The incense climbed to heaven.  We lifted our voices in the litany of Saints.  My imagination goes wild with every blessed name we sing out, the saint lifts their head at the sound of their name. “Oh…you are asking for my prayers?  Yes my friends, I will offer my prayers for you.” They are not all solemn and stoned face like their pious laminated devotional cards might depict them.  They are warm and joyous, with huge grins on their faces and beaming! Oh how we were all singing! My friend Rebekah, a beautiful soprano, was leading us, a handful of weeks away from having twin boys. I felt her voice bring the hairs on my arms to attention, I know her boys were penetrated to their very cores as their angels whisper to them in the womb “Mama.”
I could have burst into flames from shear anticipation, “Oh this is going to be good!” as I watched the twelve priests in white with the Deacons and the newest Deacon Steve preparing to offer Mass, to offer what is most pleasing to the wild Almighty Father.   They file down together around the alter (we have a more modern alter set up, post to follow someday) and stand in their white, candles glowing.  The Bishop says, “And now with all the angels and saints let us sign our unending hymn of praise….”  And the “Holy! Holy! Holy Lord…” ripped through the sanctuary.  There were only about 100 human beings present at the mass, not enough to fill a quarter of the building, but believe me, the place was packed!
I rode that divine high through the next day when the realities of my own vocation were getting a bit trying.  Sippy cups, diapers, dishes, crumbs, clutter...I found myself returning to an image, this time it was me… flat on the kitchen floor, face down, my forehead placed on my folded hands…dying to self.

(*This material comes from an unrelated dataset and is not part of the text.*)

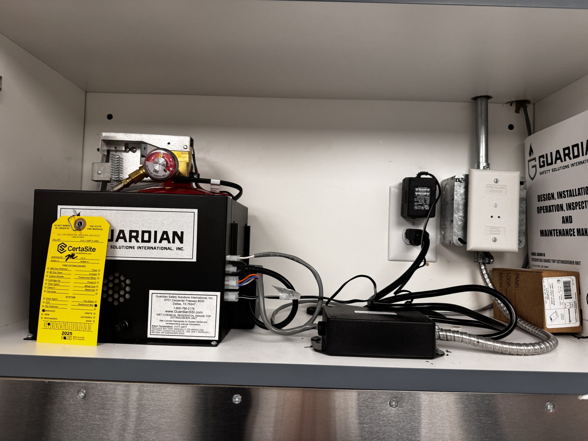 A second fire suppression system is in place for the range hood in the Break Support room. The range hood system was installed by CertaSite. The system is also inspected and serviced by CertaSite. Inspections are required semi-annually and are scheduled by the CertaSite tech.

Thursday, January 27, 2011

Angel Conspiracy Theory

A Lady in Waiting for the Queen of Saints would try to attend to the King out of love for her and Him. Over the course of last summer, I tried to visit our King in the Tabernacle often.  One day I was in a rush to get to my friend’s house when my dear friend Katherine and I decided to swing by our church to say a quick hello to our Lord. I had decided, and I voiced this aloud, that it would be most efficient if I parked in the fire lane right outside the Church (which the Church bulletin always says not to).  I would run in quickly, say a prayer and Katherine could wait in the van.  Then Katherine could run in real quick and I would be in the van…very simple.
As we pulled in, I felt the van park itself in a parking spot. I mean, I drove it, but it was like a momentary forgetfulness of the plan I had formulated a millisecond ago.  “Well…I guess we should all go see Jesus,” I turned around and my three treasures were all buckled in their car seats, bright eyed and wonderful . The unbuckling and buckling of car seats for three children under four was like the needle that St Therese bends down to pick up. All these little things for Jesus.  The situation was not very “quick” or “efficient” either, but…Jesus is not an errand.
Our lively priest Father J.P. was on his way to the Church and stopped by the van. “We’re just paying a visit to Jesus,” I say cheerfully.   He smiled and chuckled, happy with this.  I have to force myself to not think of how good this looks, of how devoted we look, and how it must be pleasing to him. Errrr…vanity. So, we talk about the weather…because it WAS an absolutely beautiful day.
 Katherine and I brought the girls into the little side sanctuary. The familiar glow of the candles, the art, the holy water, and the beautiful wood tabernacle where our King was waiting always seems to make one at ease. As Katherine and I knelt before him, the children on kneelers, or the floor, or the bench in the back….I reflected. He is with me always, what was this urge to come and see Him here and why on earth did I drag the gang along?
The angels… in all my own planning… were in a conspiracy to get us all here.  And so, I was affirmed in my belief that day that the angels long to be with Jesus in the most Holy Eucharist.  That my angel should want to be in His presence is clear to me because I, myself, would like to be in His presence.  The prodding, however, of the angels of my children has now made me more sure that our children do belong with us at mass, when we visit the tabernacle, during adoration. The children may not be totally aware of the presence, but be sure their angels will adore. Listen when they say, “Please take them with you.”